__Exercise data__.

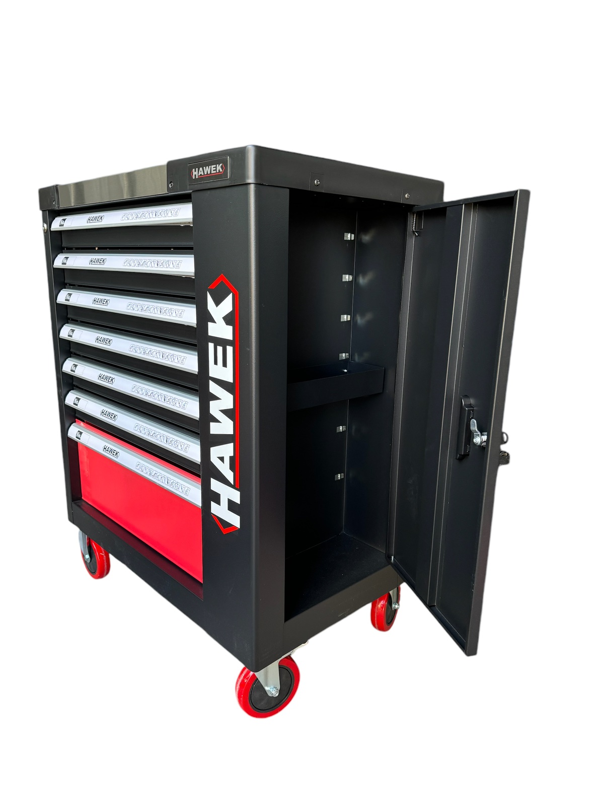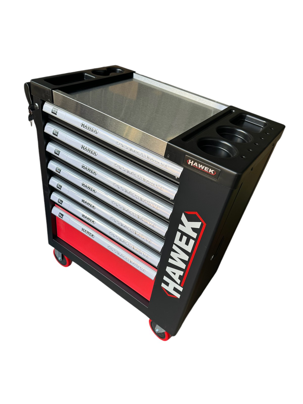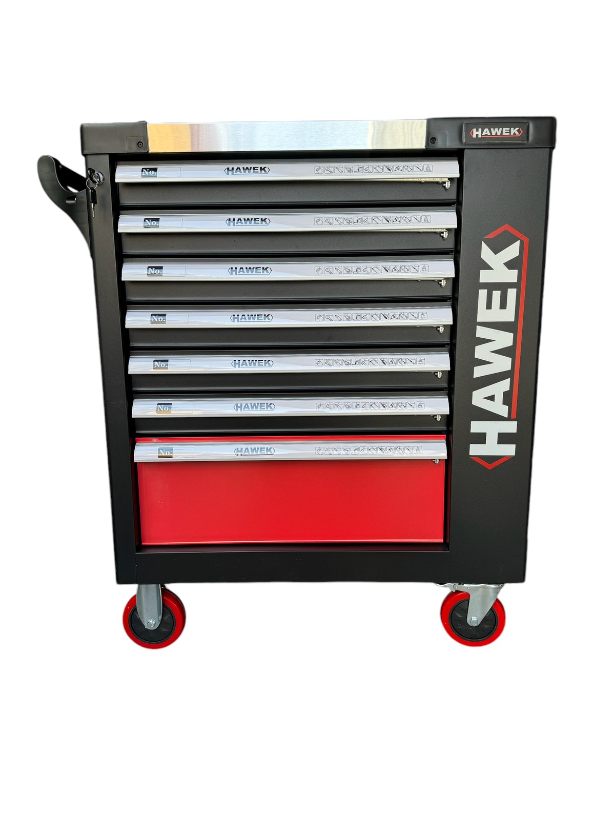 Шкаф с инструменти със 7 чекмеджета – 5 пълни, метален плот и отделение за закачане на инструменти HAWEK
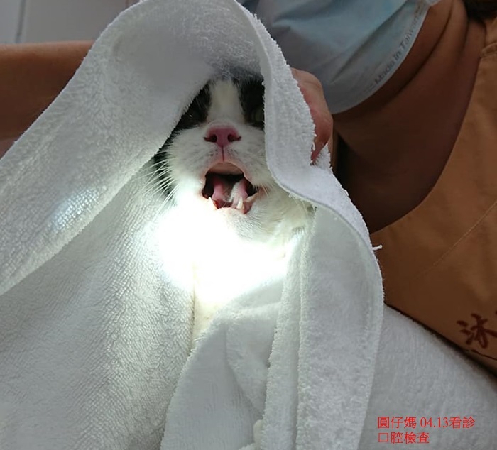 今年1月圓仔媽吃飯時會出現摳嘴巴、大叫,就醫檢查後口腔後方紅腫,於2月6日進行牙周手術拔除幾顆狀況不佳的牙齒,術後住院觀察至2月10日,食慾穩定即辦理出院,但兩周後又出現食慾不好,嘴巴不舒服的情況,再於2月17日回診鎮定檢查,檢查結果,口腔右後比較紅併有口炎症狀,拆除手術縫線,並施打類固醇及久安抗生素,4月13日回診追蹤,口腔情況已好轉很多,血檢指數皆正常,可2個月後再回診追蹤用藥有無副作用,期間需再多留意進食情況。
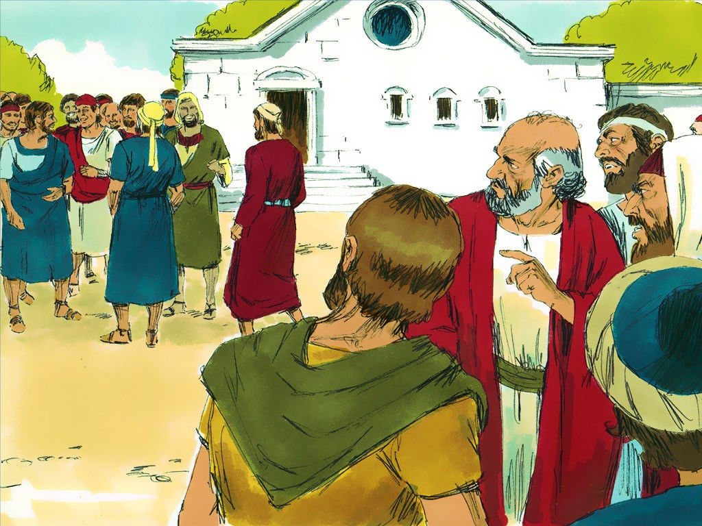 “从雅各布那里来的人未到以先,他和外邦人一同吃饭,及至他们来到,他因怕奉割礼的人,就退去与外邦人隔开了。其余的犹太人也都随着他装假,甚至连巴拿巴也随伙装假。但我一看见他们行得不正,与福音的真理不合,就在众人面前对矶法说:‘你既是犹太人,若随外邦人行事,不随犹太人行事,怎么还勉强外邦人随犹太人呢?’”(加拉太书 2:12–14)

__Exercise aim__. All of the material above should be written out exactly as given, minus any images.

__Reply to the exercise__.
 Шкаф с инструменти със 7 чекмеджета – 5 пълни, метален плот и отделение за закачане на инструменти HAWEK
 今年1月圓仔媽吃飯時會出現摳嘴巴、大叫,就醫檢查後口腔後方紅腫,於2月6日進行牙周手術拔除幾顆狀況不佳的牙齒,術後住院觀察至2月10日,食慾穩定即辦理出院,但兩周後又出現食慾不好,嘴巴不舒服的情況,再於2月17日回診鎮定檢查,檢查結果,口腔右後比較紅併有口炎症狀,拆除手術縫線,並施打類固醇及久安抗生素,4月13日回診追蹤,口腔情況已好轉很多,血檢指數皆正常,可2個月後再回診追蹤用藥有無副作用,期間需再多留意進食情況。
 “从雅各布那里来的人未到以先,他和外邦人一同吃饭,及至他们来到,他因怕奉割礼的人,就退去与外邦人隔开了。其余的犹太人也都随着他装假,甚至连巴拿巴也随伙装假。但我一看见他们行得不正,与福音的真理不合,就在众人面前对矶法说:‘你既是犹太人,若随外邦人行事,不随犹太人行事,怎么还勉强外邦人随犹太人呢?’”(加拉太书 2:12–14)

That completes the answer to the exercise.